Work order
Drop every picture, then transcribe the remaining data exactly.
───── Collected data ─────
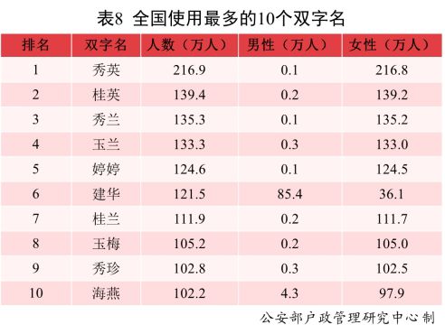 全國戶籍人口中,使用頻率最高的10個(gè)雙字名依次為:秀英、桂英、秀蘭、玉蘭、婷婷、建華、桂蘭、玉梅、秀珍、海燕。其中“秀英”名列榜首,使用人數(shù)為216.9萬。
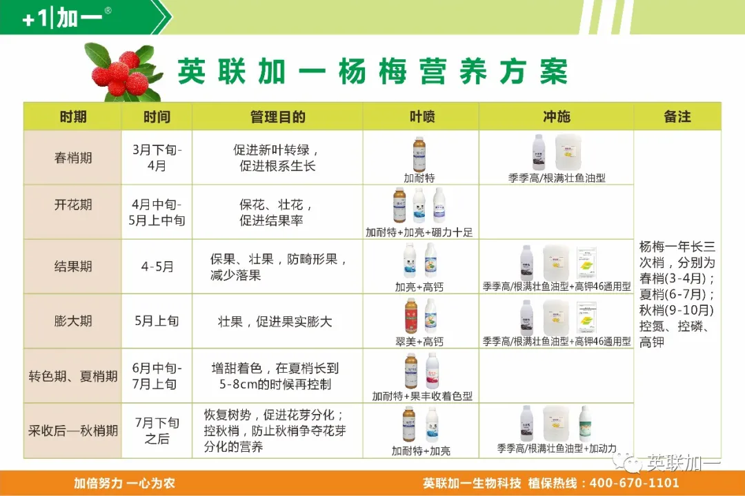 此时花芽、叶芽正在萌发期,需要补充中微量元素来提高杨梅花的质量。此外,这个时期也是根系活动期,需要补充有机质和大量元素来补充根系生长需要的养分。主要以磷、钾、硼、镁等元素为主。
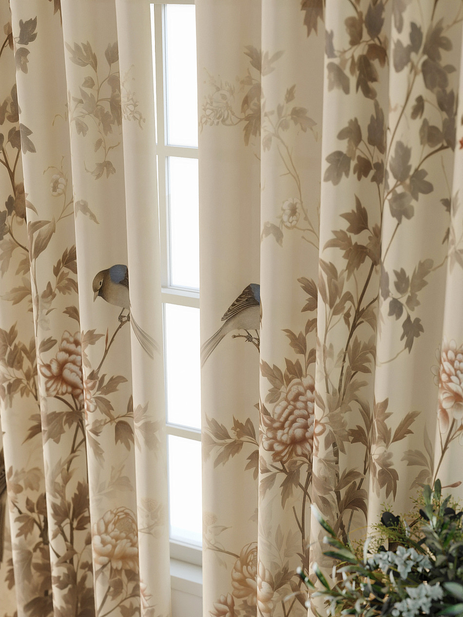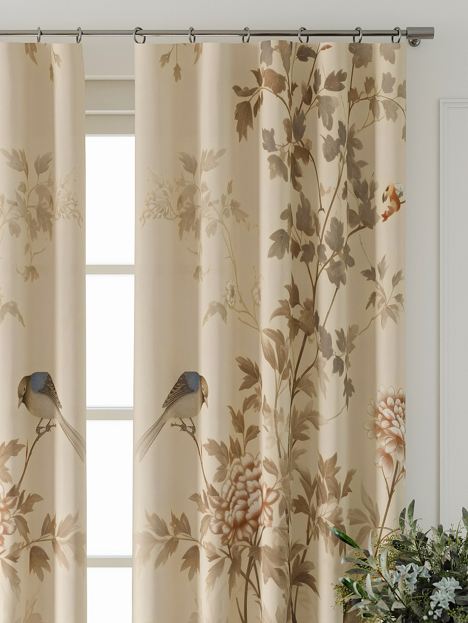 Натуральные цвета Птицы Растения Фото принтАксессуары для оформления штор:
─────
Expected output
 全國戶籍人口中,使用頻率最高的10個(gè)雙字名依次為:秀英、桂英、秀蘭、玉蘭、婷婷、建華、桂蘭、玉梅、秀珍、海燕。其中“秀英”名列榜首,使用人數(shù)為216.9萬。
 此时花芽、叶芽正在萌发期,需要补充中微量元素来提高杨梅花的质量。此外,这个时期也是根系活动期,需要补充有机质和大量元素来补充根系生长需要的养分。主要以磷、钾、硼、镁等元素为主。
 Натуральные цвета Птицы Растения Фото принтАксессуары для оформления штор:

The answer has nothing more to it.